[Info-vax] Kittson question

Bob Gezelter gezelter at rlgsc.com
Sun Jan 4 09:33:08 EST 2015


On Sunday, January 4, 2015 6:10:59 AM UTC-5, JF Mezei wrote:
> On 15-01-02 12:46, Stanley F. Quayle wrote:
> 
> > No, it doesn't. Check out www.stanq.com/wf1.html  They saved floor space, power, and air conditioning. They improved performance greatly.
> 
> 
> In cases where the customer wants you to perfectly and completely mimic
> their current VAX down to device names etc, is this not an indication
> that the customer no longer has in-house VMS maintenance expertise and
> prefers to pay you more to mimic the environment so no changes need to
> be made ?
> 
> In a situation where someone setting up a new VMS box on that new
> architecture I can't name,  wouldn't that imply an active VMS site with
> in-house expertise who would be able to move their last VAX apps onto
> any emulated instance and change device/disk names if needed ?
> 
> In other words, when looking at providing emulated VAX-VMS support on
> the new VMS, is it really necessary to be able to mimic every different
> VAX model with every different config ? Wouldn't a generic VAX emulation
> based on one of the last VAX models be more than enough since anyone
> setting it up will have the knowledge to tailor their VAX-VMS apps ?
> 
> Being able to set model name for license purposes is different, I am
> talking about the actual emulation software and the hardware it
> virtually creates.

JF,

No it is not necessarily a lack of expertise and experience. It is a cost tradeoff.

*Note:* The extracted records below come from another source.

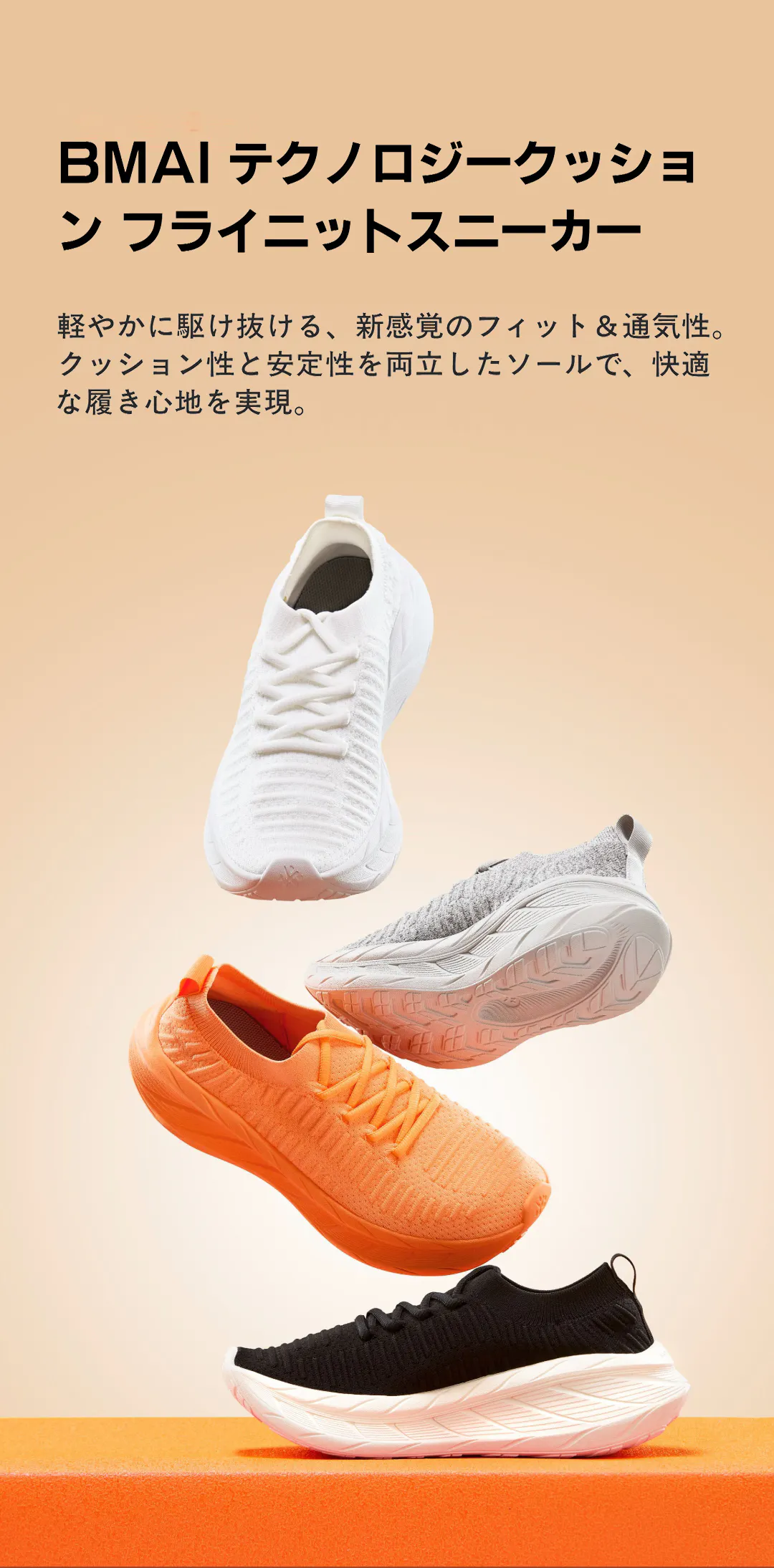 フライニットスニーカー「BMAI」は、雲の上を歩くような軽やかさと、足全体をやさしく包み込むような快適さを兼ね備えた一足です。通勤や通学、ウォーキングやランニングなど、日常のさまざまなシーンで足元をしっかりと支え、快適な歩行をサポートします。
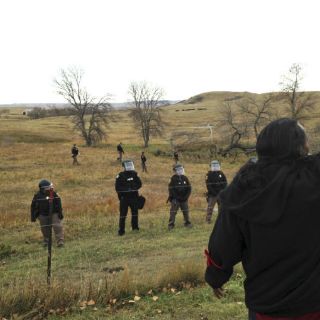 DAKOTA DEL NORTE, ESTADOS UNIDOS (27/OCT/2016).- Agentes de policía en uniforme antimotines dispararon munición no letal y aerosol pimienta el jueves en su intento por despejar a los manifestantes que acampaban en propiedad privada para bloquear la construcción del oleoducto Dakota Access.
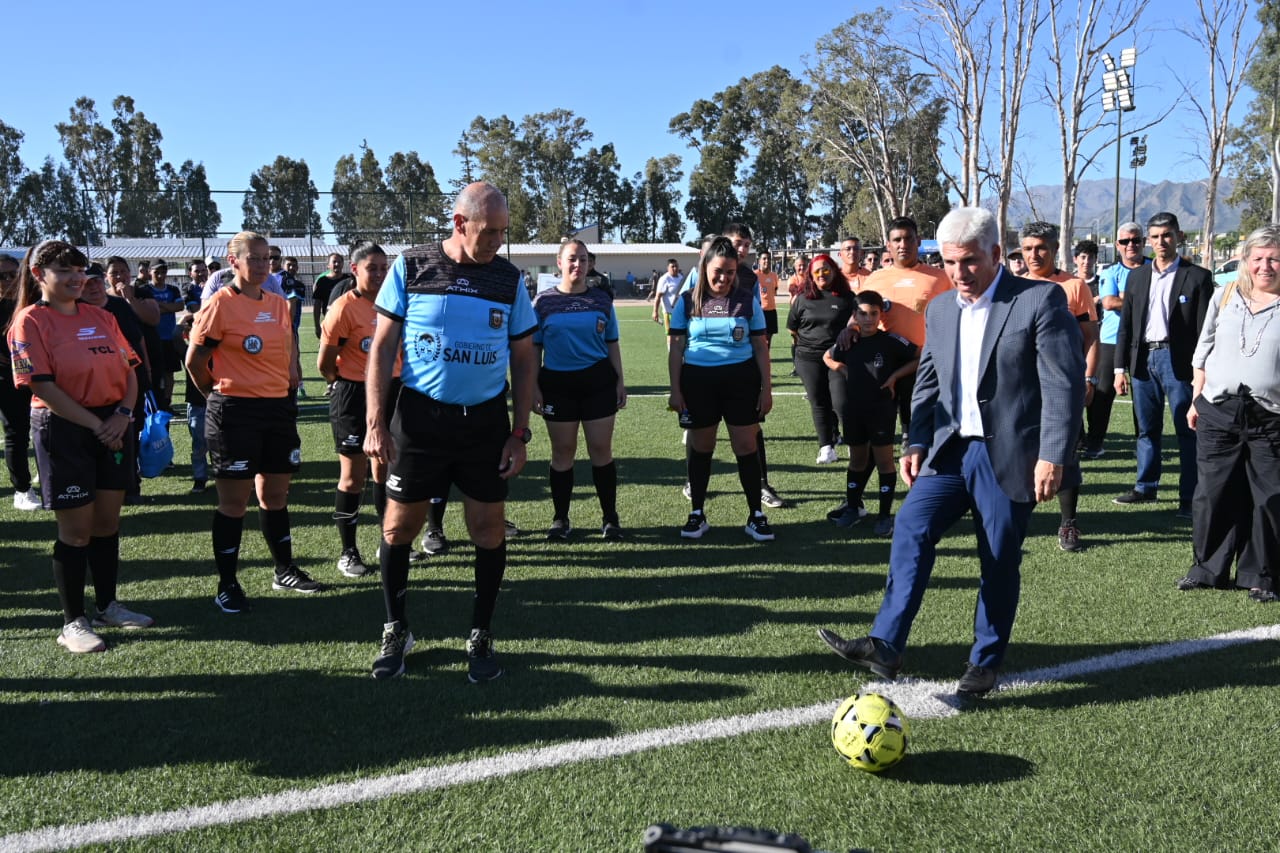 Una vez finalizadas las palabras de apertura, fue el momento para que el Gobernador diera el puntapié inicial. El árbitro hizo sonar su silbato, Poggi pateó la pelota y todos celebraron el comienzo de la edición 2025 de las Olimpiada, cuya premiación será en el Día del Empleado Público.
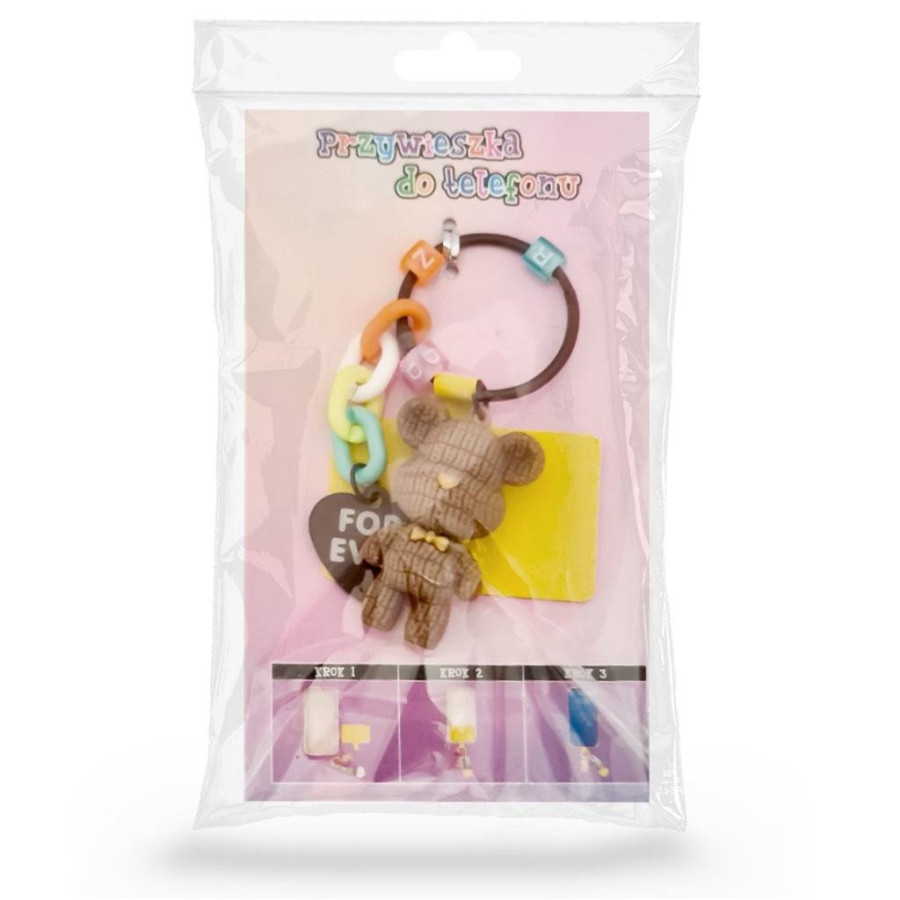 Przywieszka wyposażona jest w miękką, prostokątną wkładkę, którą umieszcza się pod obudową/etui telefonu na dole przy wejściu do ładowania. Pętelkę, którą zakończona jest prostokątna wkładka należny przełożyć przez dziurę w obudowie/etui telefonu przeznaczoną na kabel ładujący.
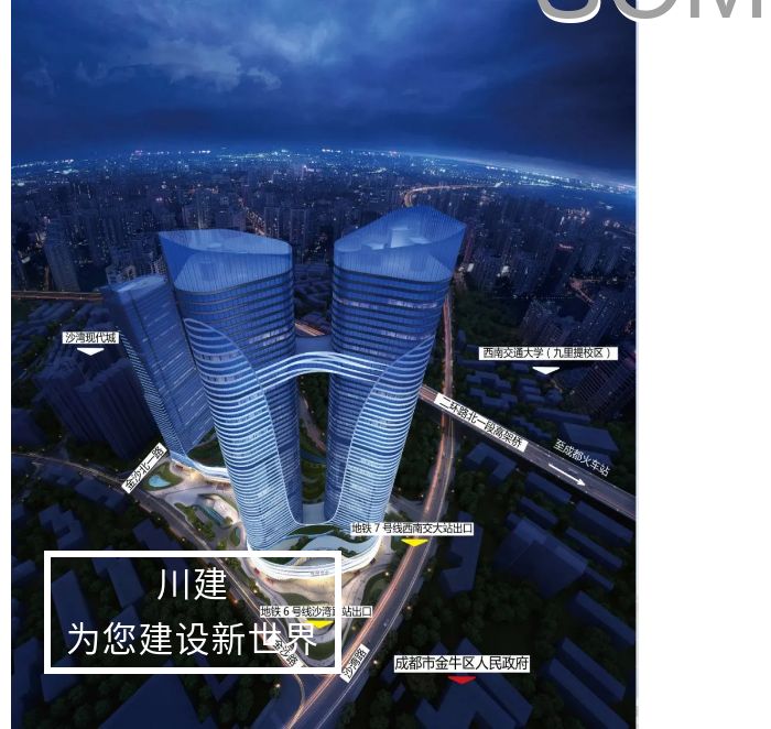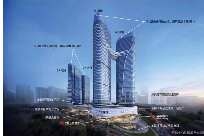 項目由3層商業(yè)裙樓(局部4層)及4棟超高層塔樓組成,最高塔樓高達(dá)243米,被譽(yù)為“摩天雙子塔,標(biāo)定時代天際線”、“新世紀(jì)·成都高端峰寓范本,當(dāng)代高階天幕藝術(shù)品,全球一線臻裝選材”,是成都市西北新地標(biāo)建筑。

In some client situations, I have had to use the ASSIGN/SYSTEM/MODE=EXEC/... option (in one memorable case, we were resurrecting an old system, and the secondary disk controller failed; so I created alternative logical disks on the first controller and used the ASSIGN trick to avoid a detailed analysis of fixing all of the references). Such situations occur more often than one would like.

In many environments, configuration management rules prevent changes in device names. Prevent may be a bit strong, but the economics are severe. An emulator with the same virtual configuration as the original environment would likely be exempt from a re-certification requirement. In a large system, re-certification is a MAJOR project.

It is also a question of time. An emulator faking device names can be installed quickly. Examination and changes of source code is a far more involved exercise. As before, this decision is a technical/economic decision, not a strict technical call.

It is also not new. I used RSX-11 redirects to do much the same thing back in the 1980's. RSX-11 did not have logical names (at that time), programs often had hardcoded device references. Upgrading /changing hardware would change device names, causing problems. References to permanently redirected names resolved (pardon the pun) that problem.